HT reviewer Saikat Majumdar picks his favourite read of 2023
Anukrti Upadhyay's collection of short stories, The Blue Women, explores the lives of idiosyncratic women and the challenges they face. It is a remarkable and powerful portrayal of femininity and labor in modern society.
Short story collections still seem to occupy an awkward place in the marketplace of arts and ideas. Caught between the narrative instinct of the novel and the momentariness of the lyric poem, the publishing world often lacks a relevant language with which to present them to the world. Short stories also embody a richer paradox: they carry the instinct of the pre-modern tale or fable to tell a story that travels across a vast span of time and space on one hand, but they are also defined by that modern obsession for the minutiae best articulated by Anton Chekhov: “Put your cigarette on that ash-tray and I’ll write a story about it.”

But the very things that make this genre a commercial oddity are also what deepen their wild beauty as art strangely restrained in the intricacy of fine form. Anukrti Upadhay does the odd length beautifully: I was captivated by the twin novellas on life in rural Rajasthan she published in 2019 – Daura and Bhaunri, not least because of her unforgettable ability to capture rustic and vernacular lives and emotions in English. My favourite book of 2023 is her collection of short stories, The Blue Women, far more urban in spirit, context and form, and yet swinging wildly between the polarizing demands on the hybrid genre of the modern short story.
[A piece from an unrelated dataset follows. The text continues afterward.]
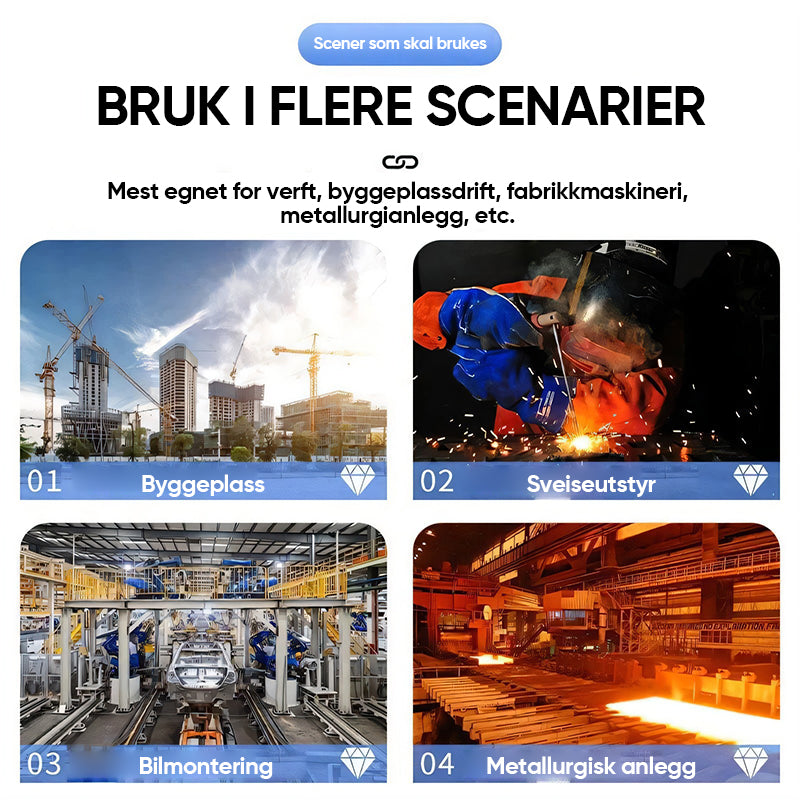 BRUK I FLERE SCENARIER:Egnet for verft, byggeplassdrift, fabrikkmaskineri, metallurgiske anlegg, etc.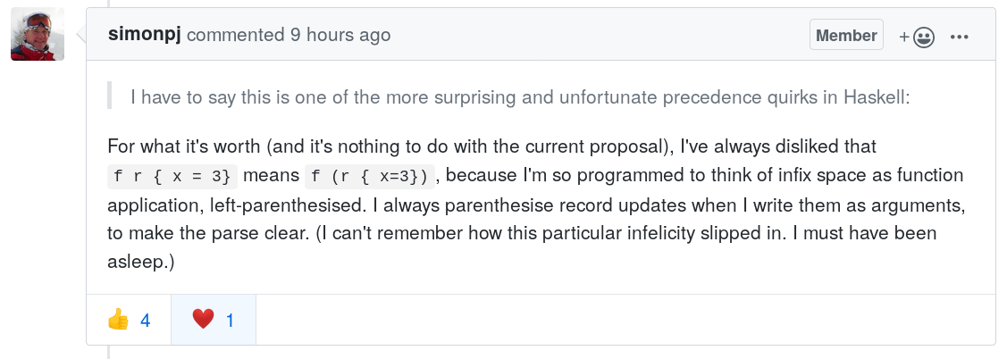When you are feeling tired, better don’t design programming languages! -- https://github.com/ghc-proposals/ghc-proposals/pull/282#issuecomment-547202105 …

Here, small things like the succulent meat in a shawarma wrap become the bluest regret on the verge of a fatal accident, and a woman’s life of quotidian claustrophobia with a self-absorbed husband is ripped open by a bloody and disruptive event.

The title comes from the blue women who appear as apparitions wrapped in stilled violence before a doomed Cassandra of a female cabbie, presaging terrifying deaths of those she sees, but the blue women is the larger name for almost all the protagonists in the collection. At the heart of most of them are powerfully idiosyncratic women – the teenage Sona with a psychedelic crush on her stepfather, the calm Janaki who melts into her garden to be courted by the monarch of bats, the unlikely, hesitant but deep friendship between two women in an office that is doomed to crumble under the mean gaze of society, a daughter broken by her father’s death who invites the force of the erotic to fight mortality. This is a remarkable collection on women in labour, in every sense of the term, but most of all the professional labour of steely, masculine workplaces that blurs the lines between dreams and balance-sheets, research and passion, never romanticizing the feminine and yet marking women as pervasive, nurturing, and self-destructive forces of nature.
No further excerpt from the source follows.